Eathorne v. State Farm Mutual Automobile Insurance

404 So. 2d 682 | Ala. | 1981

This is an appeal from a declaratory judgment in favor of State Farm Mutual Automobile Insurance Company

State Farm and Ray Pollard filed suit on March 6, 1980, seeking a declaration as to the rights of the parties under a policy of insurance issued by State Farm to Pollard. The basis of the suit was that State Farm had been called on to defend Joe Eathorne under the terms of the policy issued to Pollard

The car covered by the State Farm policy was involved in an accident while being driven by Joe Eathorne. Delores Terry, an occupant of the other car involved in the accident, was killed The administratrix of her estate filed a wrongful death suit against Eathorne claiming damages as the result of his alleged negligence in causing the accident. Eathorne then called on State Farm to defend him under Pollard's policy. State Farm and Pollard claim that the car covered by the policy was sold to Eathorne and hence there was no coverage afforded Eathorne under the policy.
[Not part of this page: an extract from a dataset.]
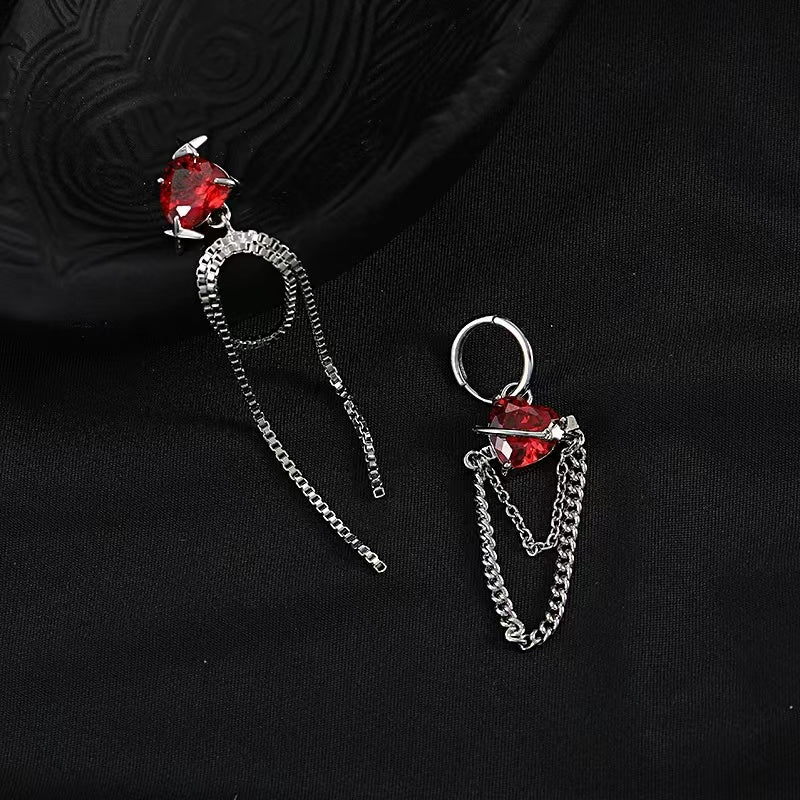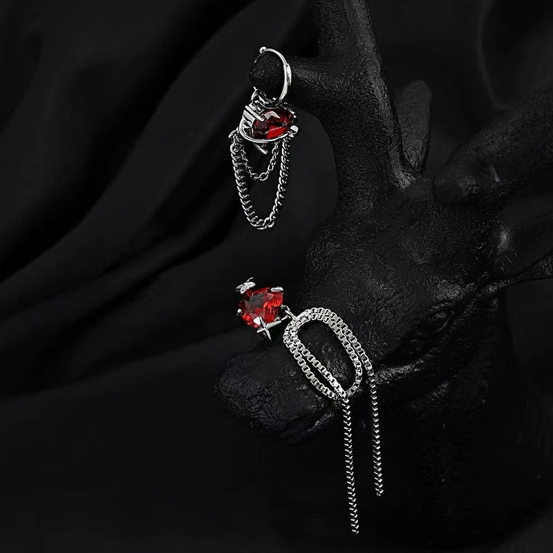 Tassel earrings female asymmetric senior sense of red love zirconia earrings ins cold wind personality sweet cool earrings

The main factual issue in dispute was whether Pollard had in fact sold the car to Eathorne or merely let him borrow it. This question was submitted to the jury, which found that Eathorne did own the car at the time of the accident Subsequent to the jury verdict, the court entered a declaratory judgment in favor of State Farm and Pollard as follows:

The Court finds that the plaintiff, State Farm Mutual Automobile Insurance Company, has heretofore issued an automobile liability policy, No. 423 1701 F25 01D, and has been called on by the defendant, Joseph Eathorne, to defend and afford liability coverage to said defendant for an *683 automobile accident occurring on December 26, 1979, in Tuscaloosa County, Alabama, which accident is made the basis of that civil action pending in this Court styled Mary Terry, as Administratrix of the Estate of Delores Terry, Deceased, vs. Joseph Eathrone, same being Civil Action No. CV-80-55

The Court further finds and does hereby order and declare that the defendant, Joseph Eathorne, was not an insured under said insurance policy with respect to said automobile accident; that the plaintiff, State Farm Mutual Automobile Insurance Company, is not obligated under said insurance policy to defend or afford liability coverage to the defendant, Joseph Eathorne, as to said Civil Action No. CV-80-55 and the said automobile accident on which it is based; that plaintiff, State Farm Mutual Automobile Insurance Company, is not obligated to pay or indemnify Joseph Eathorne against all or any portion of any judgment that hereafter may be rendered against said defendant in said Civil Action No CV-80-55 on account of said automobile accident; and that the remaining defendants, Mary Terry, as Administratrix of the Estate of Delores Terry, Deceased, James Jones and Auto-Owners Insurance Company, have no rights or status under said insurance policy as third party beneficiaries or otherwise on account of said automobile accident and are not entitled to obtain, or attempt to obtain, payment or satisfaction of any judgment which may be hereafter rendered in said Civil Action No. CV-80-55 against the defendant, Joseph Eathorne, on account of said accident

Auto-Owners had issued James Jones, the owner of the car Terry was driving, an automobile liability insurance policy which included uninsured motorist coverage. The plaintiffs' attorney, over objection, introduced the Auto-Owners policy

The question presented by this appeal is whether a plaintiff insurance company, in a declaratory judgment action seeking to determine coverage under a policy issued by the plaintiff, may introduce in evidence before a jury the fact that another insurance company will be liable if the jury decides that there is no coverage under the plaintiffs' policy

It is a general rule of long standing that it is error to introduce the fact of liability insurance to show that a party will not have to pay the judgment. This is true unless insurance coverage is in some way relevant to an issue in the case. Robins Engineering, Inc. v. Cockrell, 354 So.2d 1 (Ala 1977); Thorne v. Parrish, 265 Ala. 193, 90 So.2d 781 (1956);Colquett v. Williams, 264 Ala. 214, 86 So.2d 381 (1956). The rule also extends to counsel's argument to the jury. Thorne,supra; Colquett, supra.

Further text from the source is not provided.